Gelebte Unternehmenskultur statt perfektes Marketing
Kosten von Fehlbesetzungen sind oft verdeckt
Eine Fehlbesetzung ist immer teuer. Die direkten Kosten (Lohn und Nebenkosten) können in einer Kostenrechnung ermittelt werden und sind daher offensichtlich. Oftmals sind es jedoch die sich in keiner Erfolgsrechnung widerspiegelnden sogenannt verdeckten Kosten, die viel relevanter und substantieller sind. Mit dem Verlust von Mitarbeitenden geht ein Verlust von Know-how einher, das für die Zielerreichung fehlt.
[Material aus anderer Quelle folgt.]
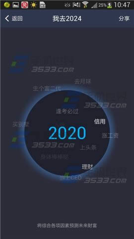 4)在界面可以开启预测未来财富,最后显示十年之后用户将会拥有的金额或者还可以分享给好友。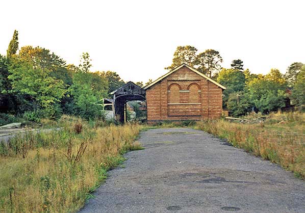 Photo by Nick Catford ![]() The delightful station building still looked in fair condition externally in March 1968 although some tiles are missing from the roof of the tower. The entrance portico in front of the door was removed shortly after closure to passengers in 1952 as was the clock which has left a mark on the brickwork above the door. A post collection box was provided from the opening of the station. The box remained in use until April 1970; at that time it still showed 'LMS Station' on the location plate.

Diese werden nicht oder zu spät erreicht, was sich in Kosten, nicht erreichten Umsätzen usw. äussern kann. Weil vielleicht andere Mitarbeitende durch den Weggang emotional oder in ihrer direkten Arbeit tangiert sind, werden sie demotiviert oder verlassen ebenfalls das Unternehmen. Die Fluktuationsrate steigt und im weitesten Sinne leidet auch die Unternehmenskultur. Dies macht sich mittelfristig indirekt bemerkbar, indem die Firma als Arbeitgeber für starke Kandidaten u U weniger attraktiv wird, was beim herrschenden Führungskräftemangel umso fataler ist. Daher ist es extrem wichtig, dass die Ursachen von Fehlbesetzungen schonungslos analysiert werden, ohne Scheuklappen und falsche Rücksichtnahme, denn nur wenn die richtigen Lehren gezogen werden, kann es beim nächsten Mal klappen. Was sind die Gründe?
Ist es die falsch beurteilte Persönlichkeit des Mitarbeitenden?
Ist die Stelle organisatorisch falsch aufgehängt?
Stimmen Verantwortung und Kompetenz der Stelle überein?
Welche Rolle spielt der Vorgesetzte – besteht allenfalls ein Führungsproblem?
Sind Aufgabe und Profil stimmig oder muss das Profil angepasst werden?
Fehlten der Person wesentliche Qualifikationen und warum hat man dies nicht erkannt oder es ihr beigebracht?
Daraus die richtigen Schlüsse zu ziehen ist wichtig. Dies verlangt nach Transparenz und Mut zur Selbstkritik.
Persönlichkeit ist Key und gleichzeitig die Chance
Für die Rekrutierung bedeutet dies, dass der charakterlichen Integrität einer Führungskraft große Beachtung zu schenken ist. Auf der Übereinstimmung der Persönlichkeit mit der bestehenden – und längerfristig gewünschten – Kultur und den Werten eines Unternehmens muss der Fokus gelegt werden. Faktoren wie Führungsstil, Kommunikations-Authentizität, Bescheidenheit und stärkere Teamorientierung werden immer wichtiger.
Unternehmen müssen sich bewusst werden, dass der Reputation einer Führungskraft ein immer grösseres Gewicht zukommt, da diese auf verschiedenen Ebenen auf das Image einer Firma und ihrer Marken abfärbt. Ebenso die Reputation oft eine grosse Rolle, warum Talente zu einem Unternehmen stossen oder dieses verlassen. Hier braucht es eine Anpassung in Bezug auf das Profil einer modernen Führungskraft, denn Führung im digitalen Zeitalter wird deutlich anspruchsvoller.